Unfortunately, some misuse science. Some of their intentions, are far from benevolent. They see science as a mechanism for political power and control. There is great danger from those who would use science for political control over us.

How do they do this? They instill, and then continuously magnify, fear. Fear is the most effective instrument of totalitarian control.

Chet Richards, physicist,

https://www.americanthinker.com/articles/2021/03/science_in_an_age_of_fear.html

Thursday, 7 April 2011

Marches of Madness in May: child victims of climate-scaremongering to take to the streets

A new-to-me 'youth shock brigade' called iMatter has been formed to encourage young victims of climate-scaremongering to take to the streets on or around the 8th of May this year (hat-tip: Tom Nelson).  In their own, somewhat inelegant, words:


'WE are a generation inspired by the need itself to step up and be the change we want to see. iMatter began as a simple video, created by a 13 year old, that covered the problems, consequences and solutions of climate change in like a minute. And now it's a global campaign meant to unite the voices of a generation on the most urgent issue of our time. The non profit project of Earth Island Institute, called Kids vs Global Warming, has pulled together a bunch of amazing partners to give youth a platform to raise their voices so loud they cannot be ignored.'

I think they'd all be better off paying more attention in their English classes, and generally enjoying themselves as perhaps the most fortunate generation ever to appear on the planet so far.  The huge technological improvements of the past few hundred years have given them so much, and they could set out to build upon that and contribute to the ongoing improvements in just about anything you care to mention.  Instead they are being told to be scared about the future, to cut down on energy use, and generally be disrespectful about all that has been achieved to date.  They are frightened victims of an indoctrination campaign, which includes facile nonsense such as this:


' It's not much of a secret that our planet is messed up. We're facing a long list of problems, and most of them are caused by by one simple thing: the burning of fossil fuels.

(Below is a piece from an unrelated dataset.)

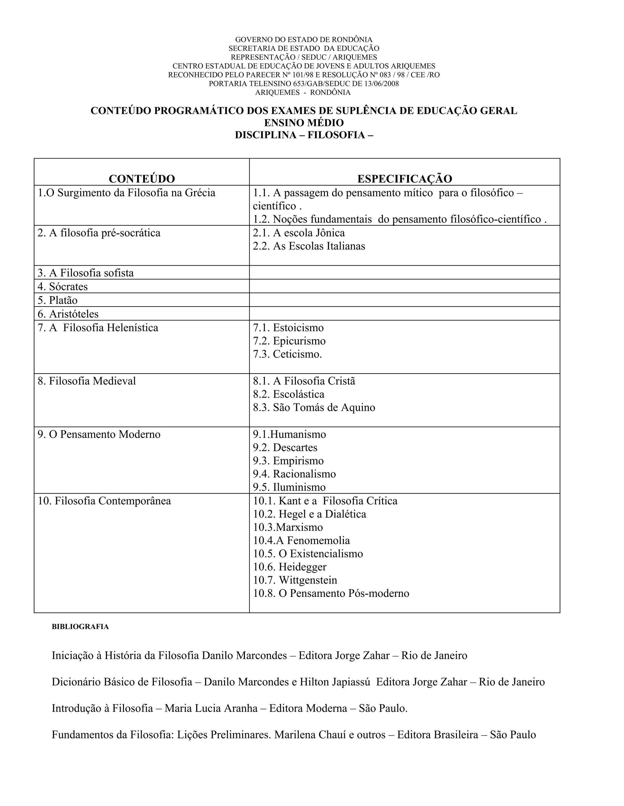O documento apresenta o conteúdo programático de uma disciplina de Filosofia para exames de suplência de Ensino Médio, dividido em 10 tópicos que abordam os principais temas e pensadores da história da Filosofia, desde a Grécia Antiga até a Filosofia Contemporânea, fornecendo também uma breve bibliografia de referência.

The most urgent problem is climate change, caused by our out of control addiction to fossil fuels. When we burn fossil fuels like oil, coal and gas, we emit all this extra carbon dioxide, CO2, into the atmosphere, which messes up the balance of the atmosphere.

Scientists that dedicate their entire lives to studying this, have made it clear: to avert the worst effects of climate change, the levels of CO2 in the atmosphere need to be at 350 parts per million (ppm). Right now we are at 391ppm. If we keep burning at the rate we are now, we will be at 500ppm by 2050. This would make earth a completely different planet, uninhabitable for most species. We can't let that happen.'


Let us lightly Fisk this paragraph by paragraph:

Paragraph 1.  In most respects, things are improving.  As for ‘most’ of our problems being caused by the burning of fossil fuels, the reverse is the case.  Most of our solutions are due to the burning of fossil fuels: widely affordable food supplies, housing, transport, heavy-lifting, and electricity.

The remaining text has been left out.